IoT, Trillions of messages from Kafka to Elasticsearch

High-throughput data pipelines. The journey from Spark to Kafka Connect and Stream-Reactor with Kubernetes

Angelos Petheriotis
By Angelos Petheriotis
Mar 01, 2018
IoT, Trillions of messages from Kafka to Elasticsearch

Angelos Petheriotis, Senior Data Engineer at Centrica (Hive Home/British Gas) shares parts of their data journey, building IoT realtime data pipelines with Stream-Reactor, Kafka and Kubernetes.


Driving billions of messages per day through multiple processing pipelines requires a significant amount of processing and persisting jobs. We designed our pipelines having in mind a real time, durable and stable continuous data pipeline. In order to achieve this goal we made our services and our infrastructure as decoupled as possible.

Centrica launched Hive in 2013 with customers telling us they wanted comfort and convenience, and a thermostat they could control that was easy and simple to use. Today, with £500m investment into Centrica Hive Limited, from parent company Centrica plc, the Hive ecosystem of connected products has grown its range and geographical market, to give people new ways to control their homes, their comfort, and their energy usage. Hive is possibly one of the largest and most mature IoT deployments in the UK utilizing Kafka.

the HIVE

In this post, we will present the way we evolved our systems architecture over the past few years, and how we are implementing the “single responsibility” principle, resulting into a design that has been proven to work and scale quite easily.

Implementing the single responsibility

Let’s get through a simple example of our way of implementing pipelines. Take for example the following requirement. We need a real-time pipeline that receives 10 billion temperature reads a day (in a streaming way, evenly distributed) group them by specific time-window and store the results to a data-store. In our case we are using Elasticsearch and Cassandra.

The way we approached the above requirement was to decouple the data-pipeline by implementing two jobs, as shown in the following figure.

pipeline number one

We split the pipeline into 2 main units: the aggregator job and the persisting job. The aggregator has one and only one responsibility: to read from the input Kafka topic, process the messages and finally emit them to a new Kafka topic. The persisting job then takes over and whenever a message is received from topic temperatures.aggregated it persists to Elasticsearch.

The above approach might seem to be an overkill at first but it provides a lot of benefits (but also some drawbacks). Having two units means that each unit’s health won’t directly affect each other. If the processing job fails due OOM, the persisting job will still be healthy.

One major benefit we’ve seen using this approach is the replay capabilities this approach offers. For example, if at some point we need to persist the messages from temperatures.aggregated to Cassandra, it’s just a matter of wiring a new pipeline and start consuming the Kafka topic. If we had one job for processing and persisting, we would have to reprocess every record from the thermostat.data, which comes with a great computational and time cost.

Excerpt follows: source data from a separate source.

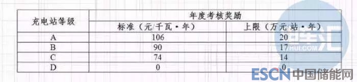 一是日??己霜?jiǎng)勵(lì),即每三個(gè)月對(duì)公用充電站的平均充電收費(fèi)標(biāo)準(zhǔn)、利用率等經(jīng)營(yíng)情況進(jìn)行考核評(píng)價(jià),引導(dǎo)企業(yè)通過優(yōu)化收費(fèi)標(biāo)準(zhǔn)、創(chuàng)新運(yùn)營(yíng)模式等方式提質(zhì)增效。根據(jù)考核情況,對(duì)考核評(píng)價(jià)最好的A級(jí)充電站給予每度電0.2元的獎(jiǎng)勵(lì),獎(jiǎng)勵(lì)上限為1500度/千瓦·年。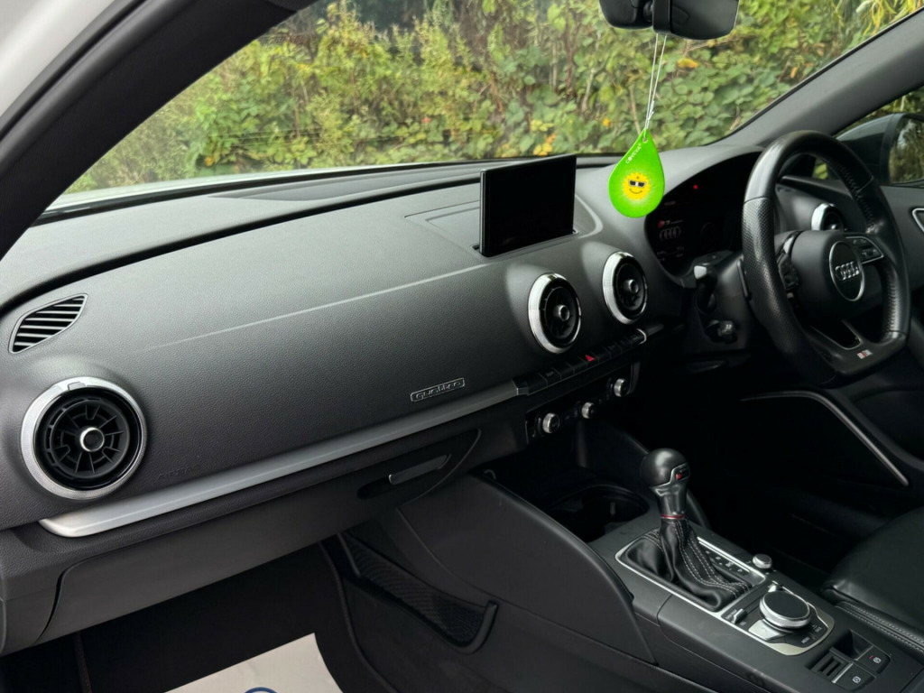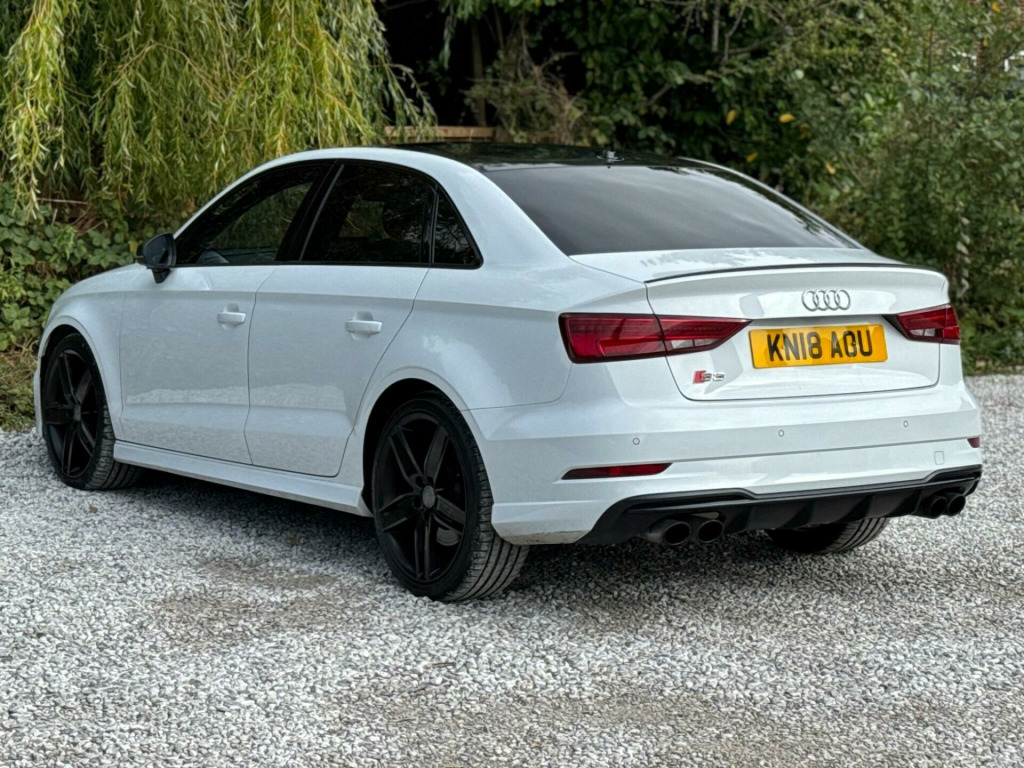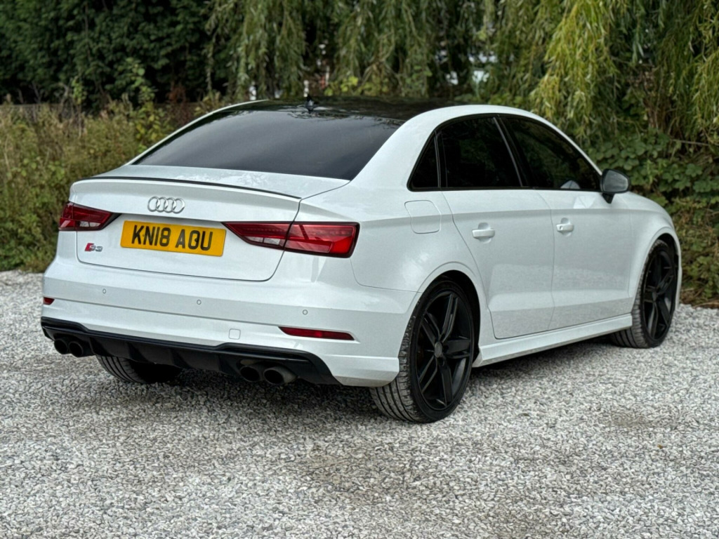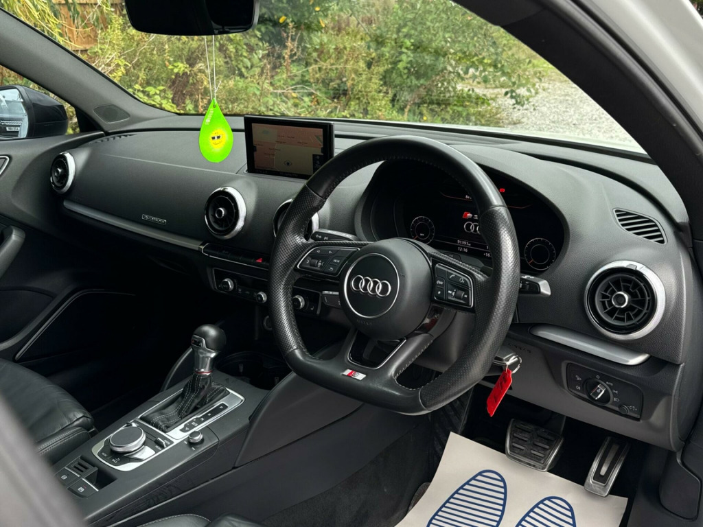 2 FORMER KEEPERS2 KEYSFULL SERVICE HISTORY - 5 SERVICE STAMPS - 2 MAIN DEALER SERVICES - MOST RECENT SERVICE DONE 90,138LOGBOOK£2,995 WORTH OF EXTRASOptional Equipment when new£2,995inc. VATTechnology Pack Advanced£1,395Front Super Sport seats with 'S' embossed logo in Fine Nappa leather£650Metallic Paint£550LED Interior Lighting Pack£225Storage Pack£175Glacier white, metallic-Matt brushed aluminium-Total price when new£41,455inc. VATAdaptive Cruise Control including Pre-Sense FrontVery rareTechnology PackageValuableMatrix LED Exterior Lighting PackRareDoor Mirrors - Heated-Electrically Adjustable-FoldingRare19in Alloy Wheels - 5-V Spoke Design in Matt Titanium Look - Diamond Cut FinishFine Nappa Leather - S Embossed Sports Seats - Black with Rock Grey StitchingEquipment:Navigation HDDNavigation SystemParking Sensor(s)Climate ControlLeather Trim19'' Alloy WheelsPrivacy GlassThis 2018 Audi S3 TFSI Black Edition boasts a clear vehicle history, offering you peace of mind. Finished in the striking Black Edition trim, this model features a powerful 2.0 litre petrol engine paired with Audi's renowned four wheel drive system, ensuring excellent traction and performance. It meets Euro 6 emissions standards. Inside, you'll find comfort and convenience with dual zone electronic climate control and heated front seats. The car also includes a Bluetooth interface for seamless connectivity, and automatic LED headlights with dynamic rear indicators, complemented by a light and rain sensor for effortless driving.Experience impressive performance with this Audi S3, capable of accelerating from 0 to 62 miles per hour in just 4.6 seconds. This rapid acceleration indicates a superior driving experience compared to many other vehicles. Furthermore, its fuel economy is a notable highlight, achieving an impressive 44 miles per gallon, demonstrating its efficiency alongside its performance capabilities. aptive cruise control including pre-sense front, technology package, matrix led exterior lighting pack, door mirrors - heated-electrically adjustable-folding, 19in alloy wheels - 5-v spoke design in matt titanium look - diamond cut finish, fine nappa leather - s embossed sports seats - black with rock grey stitching, 19in alloy wheels - 5-arm wing design in gloss titanium look, 2 x usb charging ports and 1 x aux-in, 6-airbag system with knee airbag for driver, aluminium interior elements, anti theft locking wheel bolts, anti-theft alarm, audi beam, audi connect infotainment services - 3 month trial, audi drive select, audi magnetic ride, audi smartphone interface, bang and olufsen sound system, black styling package, bluetooth interface, cd drive, child locks - manual, colour drivers information system - dis, cruise control, dab digital radio, door mirrors - black housing, door mirrors - electrically adjustable and heated with integrated led side indicators, dual-zone electronic climate control, esc - electronic stabilisation control inc abs - asr and edl, electric windows - front and rear, electromechanical parking brake, exhaust tailpipe - dual-branch oval twin with chrome finish, first aid kit, front centre armrest, front and rear floor mats, headlights washers, heated front seats, isofix child seat mounting and top tether, illuminated door sill trims with s logo, immobiliser, inlays - matt brushed aluminium, instrument dials with s3 logo, led headlights with led rear lights and dynamic rear indicators, led interior light package, light and rain sensor, luggage compartment - lashing points x4, mmi navigation - sd card based, mmi radio plus with 7in electrically retractable colour mmi screen, manual front seat adjustment, non-smoking package, pedals in stainless steel, privacy glass, progressive steering, remote central locking with 2 fold away keys, s design body styling, s sport suspension, s3 front bumper, s3 rear spoiler, seat belt monitoring, seat belt reminder for all seats, seats - split folding rear - 60-40, space saver spare wheel, sport side air inlet grille and diffuser insert, steering wheel - 3-spoke leather-multifunction-flat bottomed-shift paddles, storage compartments in the door side trims-centre console-under drivers seat, storage package, tool kit and car jack, tyre pressure monitoring system, warning triangle, window surrounds - aluminium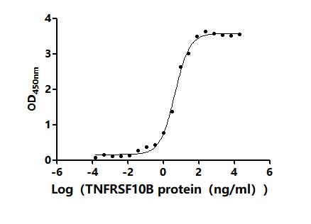 生物活性:Measured by its binding ability in a functional ELISA. Immobilized Human TNFSF10 at 4 μg/mL can bind Human TNFRSF10B (CSB-MP023965HU1d9). The EC50 is 3.897-5.215 ng/mL.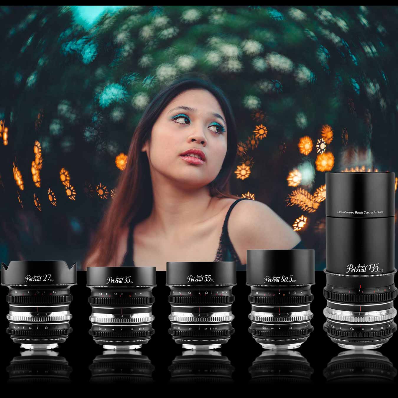 With the launch of the 27 mm and 135 mm focal lengths, the full Joseph Petzval Focus-coupled Bokeh Control Art Lens series is complete. Built based on the original 1840 Petzval lens, with upgraded features for modern mirrorless photographers and videographers, they are available in a full set of five focal lengths – 27 mm, 35 mm, 55 mm, 80.5 mm and 135 mm – each boasting advanced bokeh control and enhanced video performance. Get all five lenses in a bundle, or use your cashback vouchers to complete your series with the 27 mm and 135 mm lenses.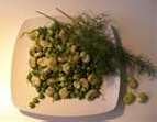 Sgusciate i piselli e le fave, lavateli e metteteli in un tegame con la cipolla affettata, il finocchio a pezzi, un bicchiere d’acqua e l’olio. Fate cuocere a fuoco basso e servite con pepe nero.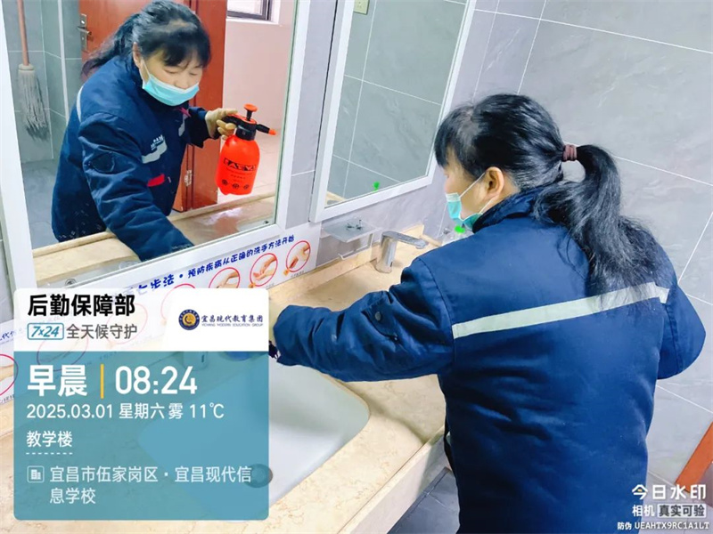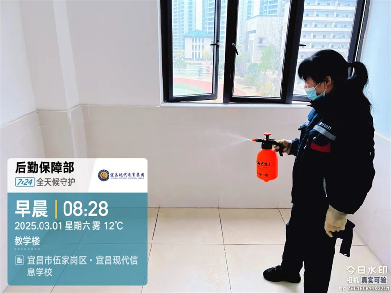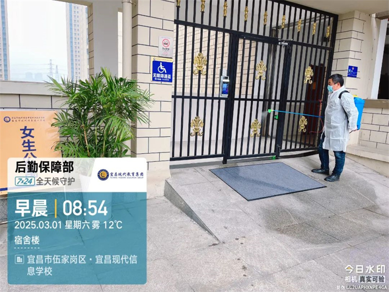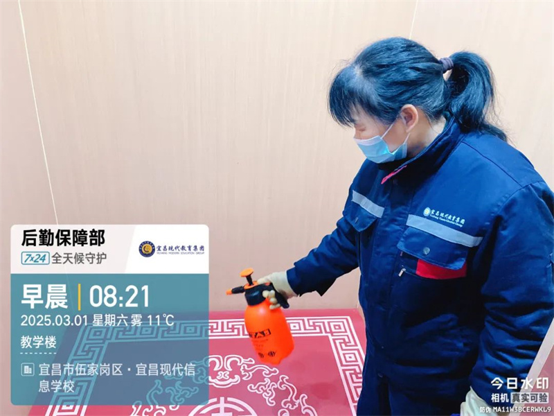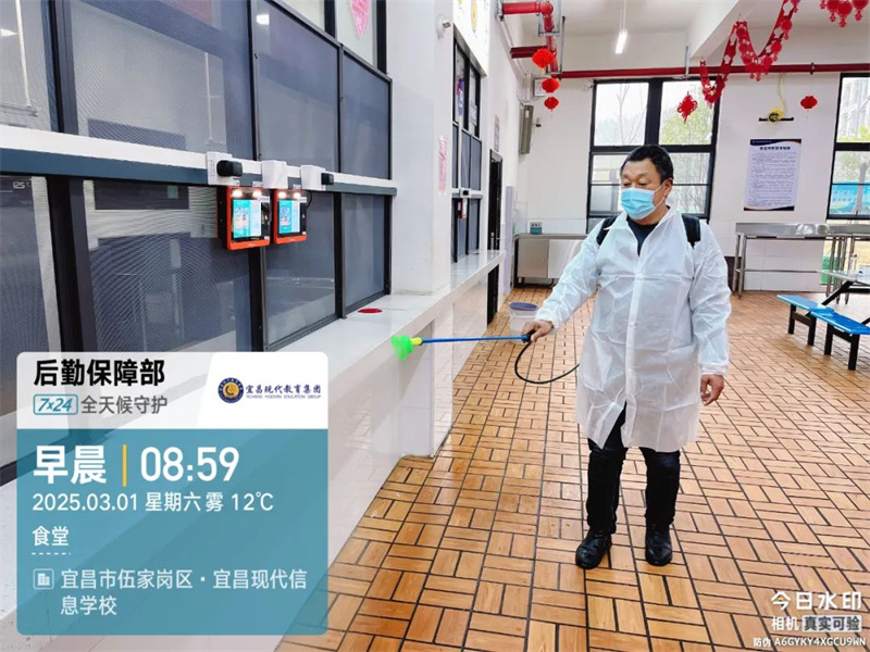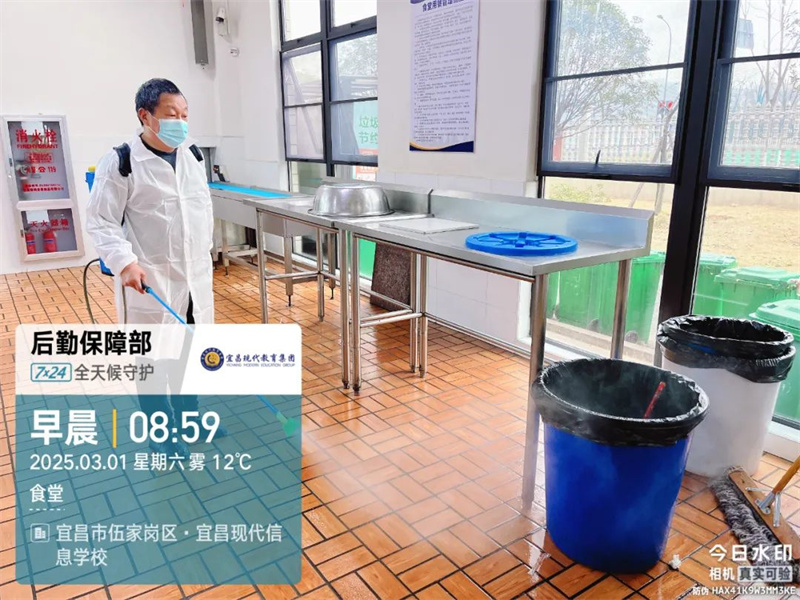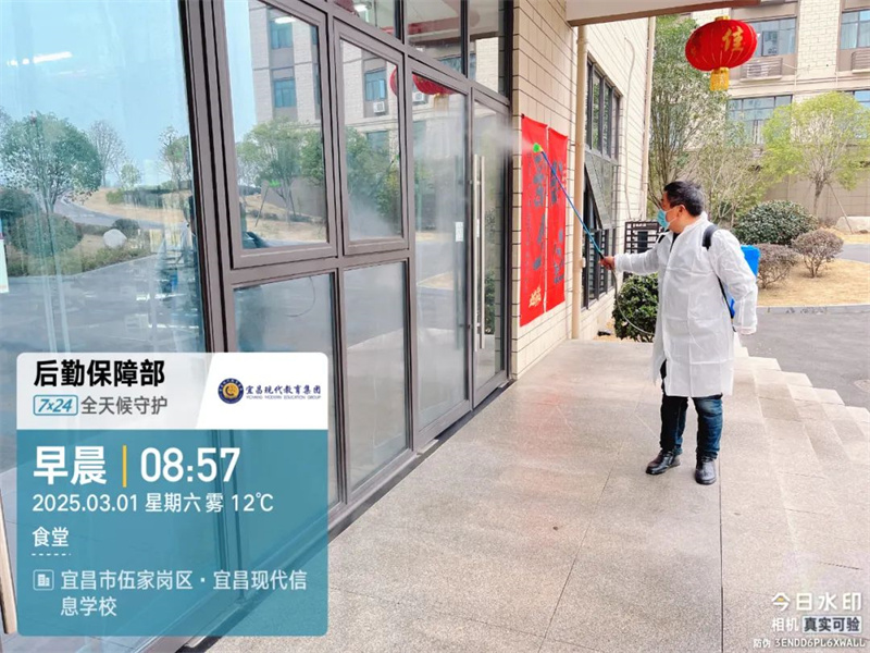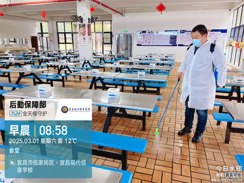 工作人员严格按照规范流程,身穿防护服、佩戴口罩,对教学楼、宿舍楼、食堂等各公共区域进行了全方位喷洒消毒,不放过任何一个角落,有效降低诺如病毒等春季常见流行疾病的传播风险。
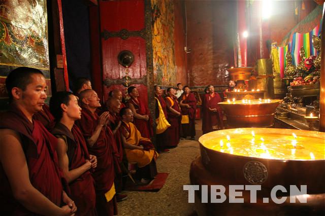 班禪還到扎什倫布寺大藏經(jīng)堂、漢佛堂、強巴佛殿等佛殿和經(jīng)堂,和各殿堂僧人一起念經(jīng)祈禱。每到一處佛殿,班禪與陪同高僧一道領(lǐng)誦經(jīng)文、拋灑青稞,祈愿五谷豐登、六畜興旺、國泰民安。攝影:王淑。

Issues with Spark Streaming

For data processing, we initially set up a Spark Cluster with 300+ GB RAM, and then we implemented numerous projects, one for every step of the data pipeline. Of course infrastructure is one part of the equation, but over time this setup also resulted to multiple GitHub repositories. Each of them requiring both maintenance, as well as the full SDLC: multiple CI pipelines, compiling, unit-testing, building JAR as well as multiple CI jobs for deploying executing and managing these jobs.

Another issue was utilization and job isolation. Our Spark cluster was either remaining partially idle, or being too busy. Another one was job isolation, a mis-behaving job could affect the entire cluster.

So the key issues identified with our initial approach were:

  • Too many GitHub projects, CI pipelines and high maintenance

  • Poor resource utilization

  • No Job isolation

Big wins with Kafka Connect and Kubernetes

At that point, we took a step back and started evaluating Kafka Connect. The end result was to replace 90% of our spark persisting jobs with Kafka Connect jobs! Today, persisting data from a topic to datastore is a matter of a few lines of configuration and then kubernetes takes over and deploys a kafka-connect cluster.

In order to achieve the config based plumping approach, we used stream-reactor Apache 2.0 licensed Kafka connectors with Kafka Connect Query Language (part of Lenses SQL). It offers a SQL like syntax that automatically instructs the Kafka cluster with what input topic(s) to use, which fields to extract from each message and what transformations to apply to it.

the stream reactor

You can find an example configuration of a job that reads from a topic and persists data to Elasticsearch below:

By using dockers, kubernetes and Helm charts, we progressed from a monolithic approach of Spark streaming, that required managing lots of code into simple config based tasks to persisting data to data stores.

The following image illustrates the benefits of the second iteration:

spark streaming kafka connect

Let’s look a bit more on some of those points.

Job Isolation

With Kubernetes, we executed 10-15 Kafka Connect clusters (each one with 3 Connect workers, and a default parallelization of 3 tasks) allocating 3 GB RAM to each connect cluster.

Resource Utilization

In Kubernetes each pod is pre-allocated a specific amount of Resources: “Use what you need”. Kubernetes was a key decision to our architecture, that helped among other to bring the cost of infrastructure down.

Engineering Effort

With Stream-Reactor Kafka Connectors we now need to manage only 2 to 3 parameters.

Using Stream-Reactor

Stream-Reactor is a large collection of open-source Kafka Connectors. One of the main benefits is the simplicity of configuring them and advanced capabilities. To configure a connector you effectively need to configure:

  • the level of parallelization

  • the routing

  • any advanced configs

For example with Elasticsearch, we had to deal with numerous topics and different business requests. The Kafka Connectors made it easy to select which data and how they will be stored, via a simple query:

Multiple routing settings can also be configured using the ; separator. The additional benefit being that a message can be routed to multiple target Elasticsearch indexes, by a single connector that polls every message just once

Dealing with errors

A few error conditions that could occasionally occur, were easy to be handled. The stream-reactors connectors provide configurable error policies. The RETRY policy for example can retry a failed INSERT, something that would be useful if an Elasticsearch instance was restarted for maintenance. The NOOP policy can be uses on a topic, where we could expect a malformed message, so that the connector will skip and continue. The THROW error policy, sets the connector to throw a stack-trace and exit, indicating an issue, ensuring that we can have confidence that every single message has been sinked correctly (think of exactly-once-semantics).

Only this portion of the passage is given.